Core vocabularies on the FI-Platform are based on the following RDF-based formal knowledge representation languages:

RDFS (RDF Schema) is a basic ontology language providing basic elements for the description of ontologies. It introduces concepts such as classes and properties, enabling rudimentary hierarchical classifications and relationships.

OWL (Web Ontology Language) offers substantially more advanced features compared to RDFS, and is capable of representing rich and complex knowledge about things, groups of things, and relations between things. OWL is highly expressive and designed for applications that need to process the content of information instead of just presenting information. The OWL profile currently used on the FI-Platform is OWL 2 EL. Other profiles (dialects) such as RL, QL or DL might be supported in the future.

This document is not intended to serve as a tutorial to OWL modelling nor as an explanatory documentation on the various profiles. For a more comprehensive understanding of OWL (as well as for learning more about Linked Data and Semantic Web) we recommend the following resources:

OpenHPI courses, for example Semantic Web Technologies (https://www.youtube.com/watch?v=Q5DrZV5wWzo&list=PLoOmvuyo5UAeihlKcWpzVzB51rr014TwD), highly recommended
Uschold, M. (2018). Demystifying OWL for the Enterprise (https://www.morganclaypool.com/doi/10.2200/S00824ED1V01Y201801WBE017)
Allemang, D., & Hendler, J. A. (2011). Semantic Web for the working ontologist: Effective modelling in RDFS and OWL (2nd ed). Morgan Kaufmann/Elsevier. (https://dl.acm.org/doi/book/10.1145/3382097)
Colomb, R. M. (2007). Ontology and the Semantic Web. IOS Press. (https://www.iospress.com/catalog/books/ontology-and-the-semantic-web)

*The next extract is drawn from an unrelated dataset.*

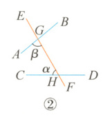 ②当直线l₁//l₂时,求∠β的度数。
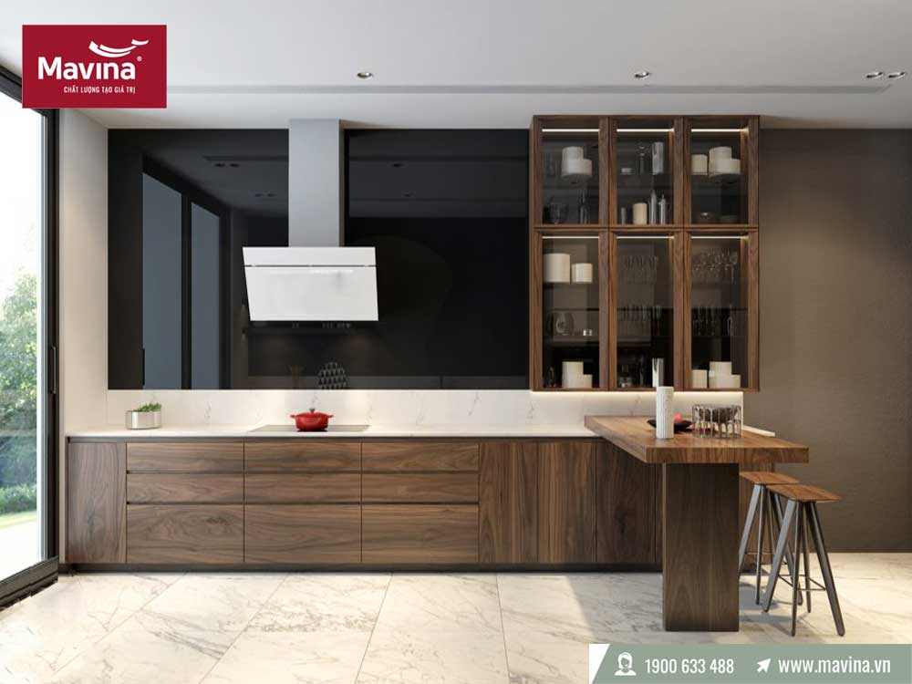 Đặc biệt, trong phong thủy, phòng bếp là nơi chứa nhiều yếu tố hỏa, vì vậy màu nâu trầm của gỗ óc chó sẽ là màu sắc hài hòa nhất cho không gian này.

Application Profiles (Schemas)

Application profiles on the other hand are specifications that enforce restrictions on data annotated with core vocabularies. You will need application profiles in the following use cases (not an exhaustive list):

when you need to specify a message schema for exchanging information

when you need to validate data

when you need to produce an API specification

Application profiles on the FI-Platform are based on the following RDF-based language:

SHACL (Shapes Constraint Language) is used to validate RDF data against specific defined "shapes" (conditions). The language is very expressive and difficult to generally map to simpler or more restricted schema languages such as JSON Schema and XML Schema. Limited subset of SHACL can be mapped though.

Modelling Core Vocabularies

Attributes

Attributes are in principle very similar to attribute declarations in other data modelling languages. The key differences from other major languages are:

As mentioned earlier, attributes are first-class citizens as they have identities. An attribute is defined once and can then be reused in multiple class definitions. A class does not "own" attributes used by it and they do not exist only within the namespace of the class nor is their life-cycle tied to the class.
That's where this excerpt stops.